Estoy empezando a amontonar
tardes. Como si fuesen naipes de una baraja. Naipes esmaltados por el sol y el inconstante
peso del viento. De más o menos valor según el juego al que corresponda la
partida. Pero aquí no vale cambiar de cartas. Las que te entrega el aplicado crupier
son las que tienes y, de cómo la juegues, dependerá tu suerte.
Hay jugadores de todos los
tipos. Algunos farolean mucho y, con unas cartas de pena, van a desafiar la tarde
con su resto. No siempre pierden. Hay naipes escasos que dan para una gloria…
Luego están los jugadores más
clásicos. Miran al cielo firmemente a los ojos y sólo arriesgan cuando su jugada
merece la pena. Son la mayoría. Cucos de corbata y un cuarto de sueldo fijo, de
hipoteca y televisor de plasma, de auto a plazos y de domingos en familia.

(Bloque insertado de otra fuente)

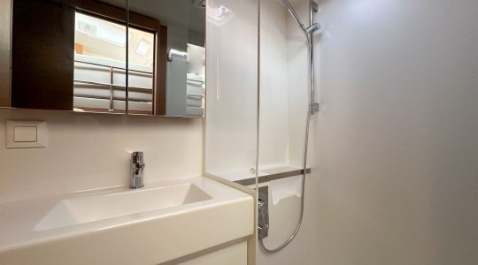 Dans ce catamaran à voile de 45 pieds vous avez la possibilité de choisir entre les configurations de 3 cabines et 3 salles de bain ou 4 cabines et 4 salles de bain, les deux avec douche séparée de la salle de bain. Avec l’option transformer on peut même transformer le dressing de la cabine du propriétaire dans une cabine additionnelle avec deux lits individuels.

Cómo no nombrar a los chambones
que, por mucho que evalúan su mano no se arriesgan a jugársela por una fabulada
recompensa. Son jugadores que rezan más que hacen, que suplican más que
inventan, que dividen más que multiplican, que ven escaparates y comen pipas
sin sal…
Y por último la miscelánea humana
que, cada atarcedida, se sienta en las mesas de juego. Los que llevaron corbata
y hoy exprimen un amuleto. Los que sintieron miedo pero desangraron todo su
coraje. Los que de tanto esperar, vieron hacer nidos en sus pucheros a las
arañas…
Y la tarde que, como la
banca, siempre gana. Tiene poco que jugarse. Mañana, sí o sí, se exhibirá de
nuevo. Con su baraja bajo el brazo. Con su tapete verde hierba. Con sus fichas
de diamantes y sus naipes marcados por las farolas recién abiertas.
P.D. Que, ¿qué tipo de
jugador soy? ¡Uf! Es una insensatez ponderarme. Sólo les diré que, últimamente,
la vida me entrega cartas muy discretas, pero que tengo la dicha de intuir el momento
de las grandes aventuras. Sólo hay que saber esperar a la dama de corazones…
Feliz anochecer. Feliz
destino.
(Feliz mediodía América)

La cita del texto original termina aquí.